┌────────

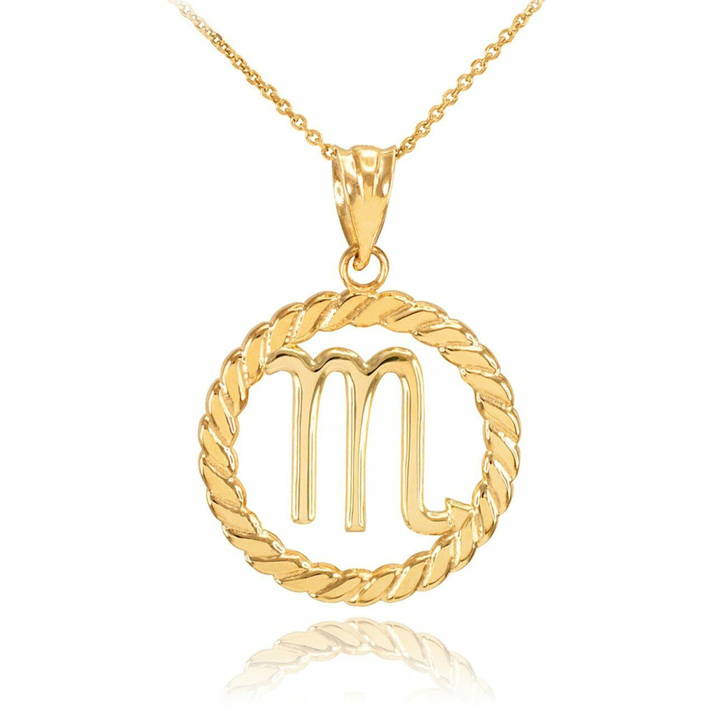14k Gold Scorpio Zodiac Sign in Circle RopePendant Necklace |
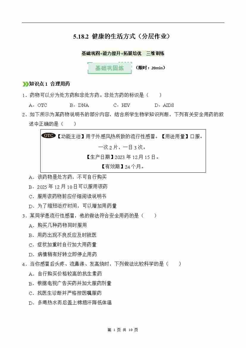 5.18.2 健康的生活方式(分层作业)(原卷版)
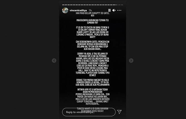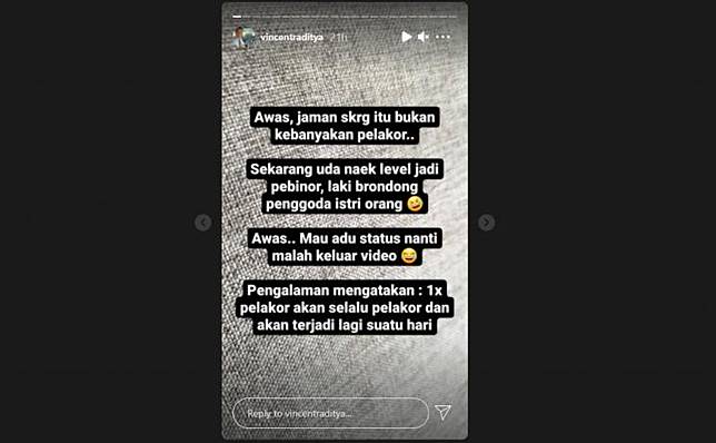 "Awas, zaman sekarang itu bukan kebanyakan pelakor. Sekarang sudah naik level jadi pebinor, laki brondong penggoda istri orang. Awas. Mau adu status nanti malah keluar video. Pengalamn mengatakan: satu kali pelakor akan selalu pelakor dan akan terjadi lagi suatu hari," demikian unggahan Kapten Vincent lewat Instastory-nya.
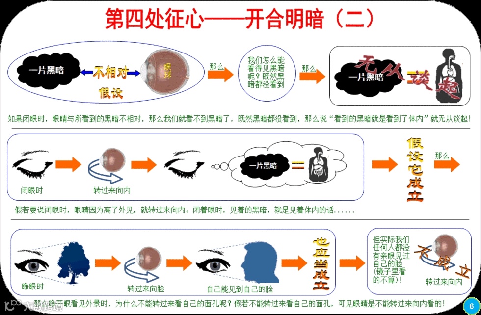 综合上述八点理由,你说闭上眼睛,看见暗昧的景象,就叫做见内,根本是错误的。
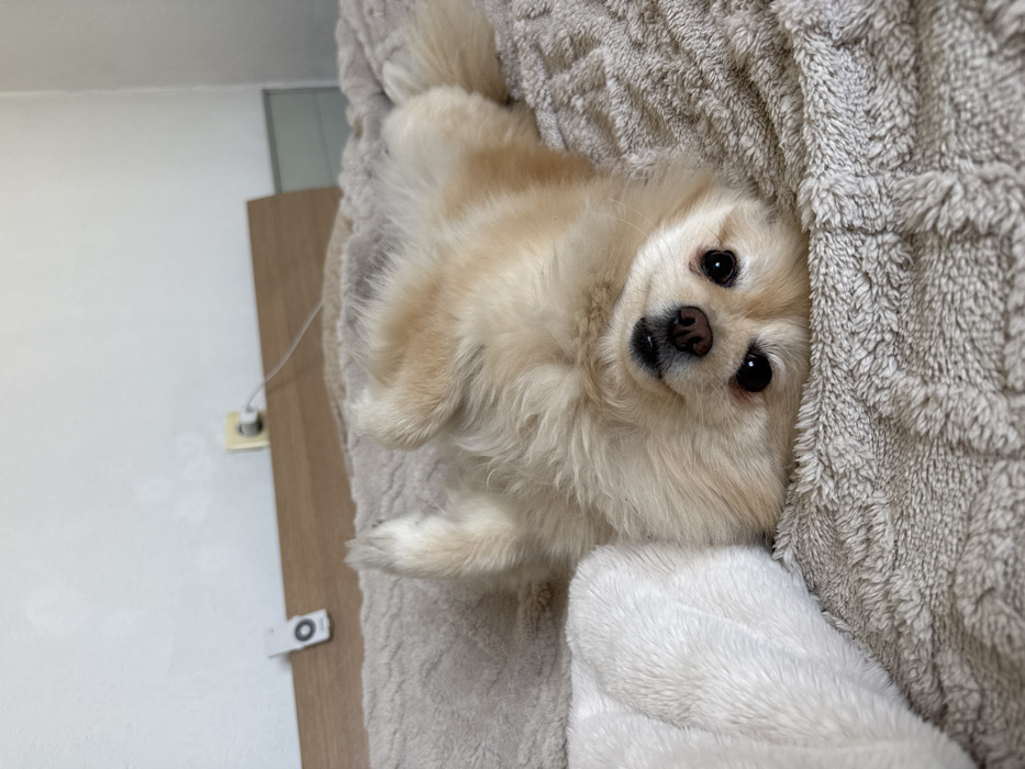 - "This image, taken in a bedroom within Razlog, Bulgaria, displays a light-colored, fluffy dog, likely a Pomeranian, lying on its back on a textured, beige, fluffy blanket" by FM-CCOQt1, licensed under CC BY 4.0
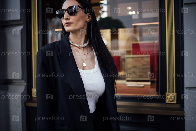 Стильная женщина в солнцезащитных очках и черном блейзере уверенно стоит за пределами бутика, демонстрируя современную моду и городской образ жизни в оживленной среде города
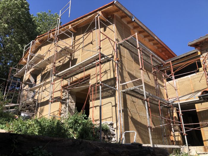 Le projet actuel est d'enrober une grange de 100 m2, en béton de chanvre banché, avec une technique que nous connaissons bien : chaux aérienne, ponce, chanvre, plâtre brut.
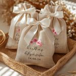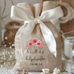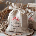• Κάθε σετ μπομπονιέρας περιλαμβάνει ένα προσωποποιημένο πουγκί από ύφανση καμβά, με δυνατότητα επιλογής χρώματος και σχεδίου.

└────────

== Problem to solve ==
The task requires restating verbatim the lines from the one that holds "under CC BY 4.0" through the end of the listing, both ends counted, and no pictures.

== The answer ==
 - "This image, taken in a bedroom within Razlog, Bulgaria, displays a light-colored, fluffy dog, likely a Pomeranian, lying on its back on a textured, beige, fluffy blanket" by FM-CCOQt1, licensed under CC BY 4.0
 Стильная женщина в солнцезащитных очках и черном блейзере уверенно стоит за пределами бутика, демонстрируя современную моду и городской образ жизни в оживленной среде города
 Le projet actuel est d'enrober une grange de 100 m2, en béton de chanvre banché, avec une technique que nous connaissons bien : chaux aérienne, ponce, chanvre, plâtre brut.
• Κάθε σετ μπομπονιέρας περιλαμβάνει ένα προσωποποιημένο πουγκί από ύφανση καμβά, με δυνατότητα επιλογής χρώματος και σχεδίου.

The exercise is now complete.